--- GIVEN INFORMATION ---

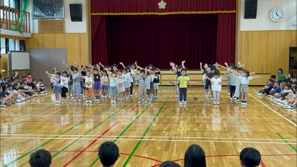 1年生からは、お礼の出し物でダンスをしました。セリフもみんな大きな声で言うことができていて、練習の成果をしっかりと出し切ることができました!楽しそうに踊る姿がとても素敵でした。退場は、1人で堂々と歩くことができました。
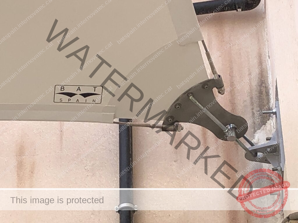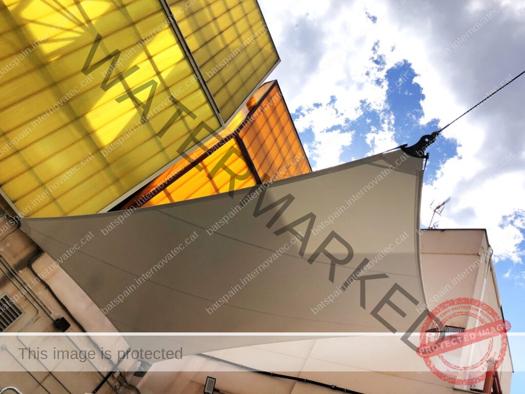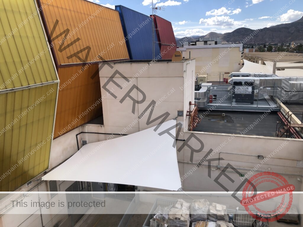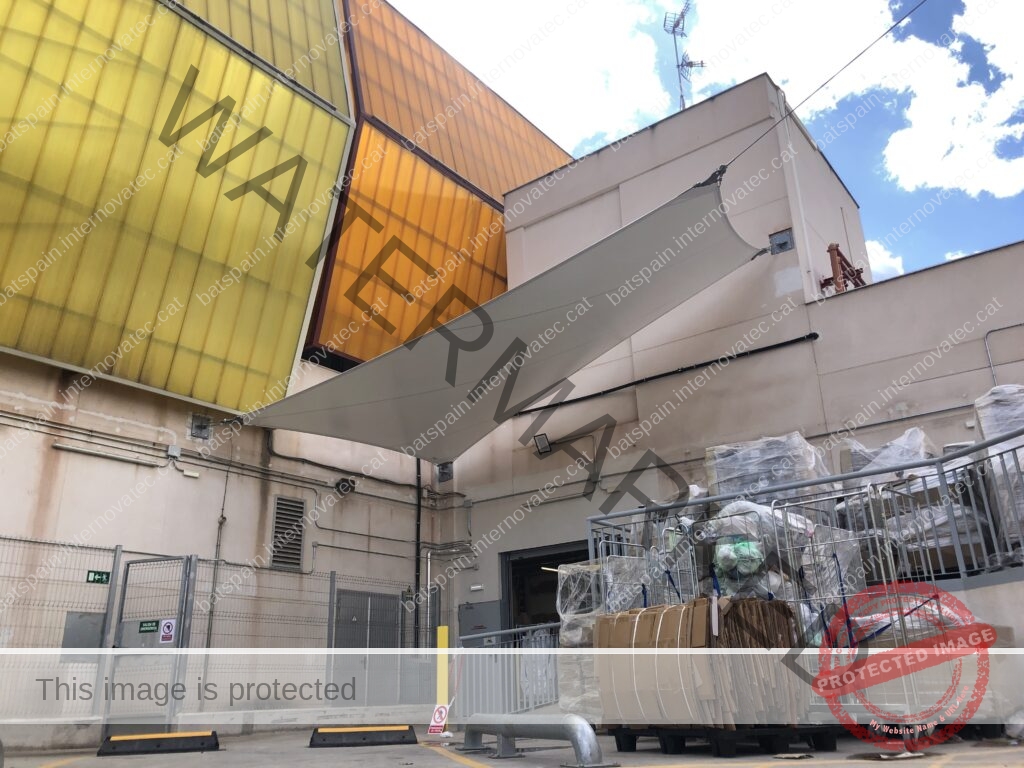 Cubierta textil impermeable sobre el muelle de carga de Primark en el C.C. Parque Almenara de Lorca, con forma de paraboloide anclado a cuatro puntos a distintas alturas para proteger del sol y la lluvia la zona de carga y descarga.
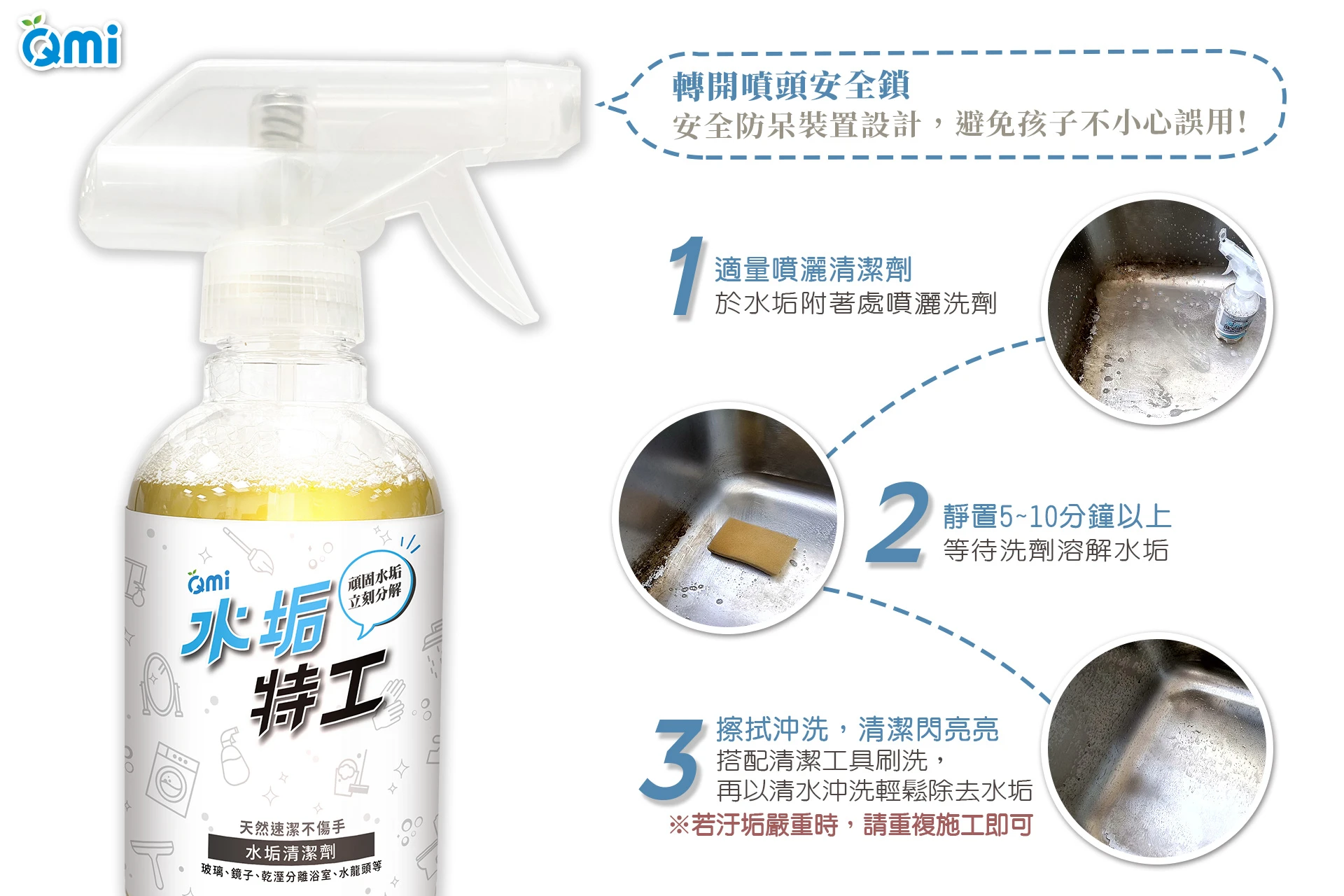 均勻噴灑於物品表面,靜待5-10分鐘,搭配清潔工具刷洗即可輕鬆去除水垢,水垢嚴重時請重複施作即可。

---

• _TASK PROMPT_:
Line by line, write out the data above exactly, without the pictures.

• _THE ANSWER_:
 1年生からは、お礼の出し物でダンスをしました。セリフもみんな大きな声で言うことができていて、練習の成果をしっかりと出し切ることができました!楽しそうに踊る姿がとても素敵でした。退場は、1人で堂々と歩くことができました。
 Cubierta textil impermeable sobre el muelle de carga de Primark en el C.C. Parque Almenara de Lorca, con forma de paraboloide anclado a cuatro puntos a distintas alturas para proteger del sol y la lluvia la zona de carga y descarga.
 均勻噴灑於物品表面,靜待5-10分鐘,搭配清潔工具刷洗即可輕鬆去除水垢,水垢嚴重時請重複施作即可。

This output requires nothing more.